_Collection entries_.
• • • • •
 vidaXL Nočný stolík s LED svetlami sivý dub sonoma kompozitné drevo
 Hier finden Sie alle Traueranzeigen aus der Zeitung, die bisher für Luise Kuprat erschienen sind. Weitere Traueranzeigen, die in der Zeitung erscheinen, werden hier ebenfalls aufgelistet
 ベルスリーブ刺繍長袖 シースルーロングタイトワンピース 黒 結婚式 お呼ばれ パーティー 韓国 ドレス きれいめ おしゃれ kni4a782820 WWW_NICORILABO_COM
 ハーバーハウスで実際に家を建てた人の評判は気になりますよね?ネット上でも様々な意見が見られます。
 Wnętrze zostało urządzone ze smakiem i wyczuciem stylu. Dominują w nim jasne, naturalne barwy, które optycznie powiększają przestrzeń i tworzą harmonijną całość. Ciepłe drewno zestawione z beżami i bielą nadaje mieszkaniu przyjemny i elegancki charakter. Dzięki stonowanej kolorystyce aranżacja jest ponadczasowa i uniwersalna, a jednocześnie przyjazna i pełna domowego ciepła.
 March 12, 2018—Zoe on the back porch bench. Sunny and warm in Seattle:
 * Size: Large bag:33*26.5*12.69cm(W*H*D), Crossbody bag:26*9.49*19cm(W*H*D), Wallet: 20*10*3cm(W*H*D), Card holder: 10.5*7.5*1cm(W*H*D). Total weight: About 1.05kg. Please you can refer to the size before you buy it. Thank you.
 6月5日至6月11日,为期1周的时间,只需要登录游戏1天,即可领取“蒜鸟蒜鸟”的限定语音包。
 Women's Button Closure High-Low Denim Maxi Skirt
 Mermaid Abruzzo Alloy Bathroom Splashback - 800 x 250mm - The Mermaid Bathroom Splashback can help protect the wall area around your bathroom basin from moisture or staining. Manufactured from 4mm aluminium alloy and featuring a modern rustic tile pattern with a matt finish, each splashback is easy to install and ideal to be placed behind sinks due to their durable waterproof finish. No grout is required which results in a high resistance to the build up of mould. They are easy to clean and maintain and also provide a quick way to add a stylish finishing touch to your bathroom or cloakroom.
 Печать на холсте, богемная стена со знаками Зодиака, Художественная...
• • • • •
_Work instructions_. If a line falls between the first line of the entries and the line containing "Women's Button Closure", or is one of those two, restate it word for word; leave all other lines out.

_Written reply_.
 vidaXL Nočný stolík s LED svetlami sivý dub sonoma kompozitné drevo
 Hier finden Sie alle Traueranzeigen aus der Zeitung, die bisher für Luise Kuprat erschienen sind. Weitere Traueranzeigen, die in der Zeitung erscheinen, werden hier ebenfalls aufgelistet
 ベルスリーブ刺繍長袖 シースルーロングタイトワンピース 黒 結婚式 お呼ばれ パーティー 韓国 ドレス きれいめ おしゃれ kni4a782820 WWW_NICORILABO_COM
 ハーバーハウスで実際に家を建てた人の評判は気になりますよね?ネット上でも様々な意見が見られます。
 Wnętrze zostało urządzone ze smakiem i wyczuciem stylu. Dominują w nim jasne, naturalne barwy, które optycznie powiększają przestrzeń i tworzą harmonijną całość. Ciepłe drewno zestawione z beżami i bielą nadaje mieszkaniu przyjemny i elegancki charakter. Dzięki stonowanej kolorystyce aranżacja jest ponadczasowa i uniwersalna, a jednocześnie przyjazna i pełna domowego ciepła.
 March 12, 2018—Zoe on the back porch bench. Sunny and warm in Seattle:
 * Size: Large bag:33*26.5*12.69cm(W*H*D), Crossbody bag:26*9.49*19cm(W*H*D), Wallet: 20*10*3cm(W*H*D), Card holder: 10.5*7.5*1cm(W*H*D). Total weight: About 1.05kg. Please you can refer to the size before you buy it. Thank you.
 6月5日至6月11日,为期1周的时间,只需要登录游戏1天,即可领取“蒜鸟蒜鸟”的限定语音包。
 Women's Button Closure High-Low Denim Maxi Skirt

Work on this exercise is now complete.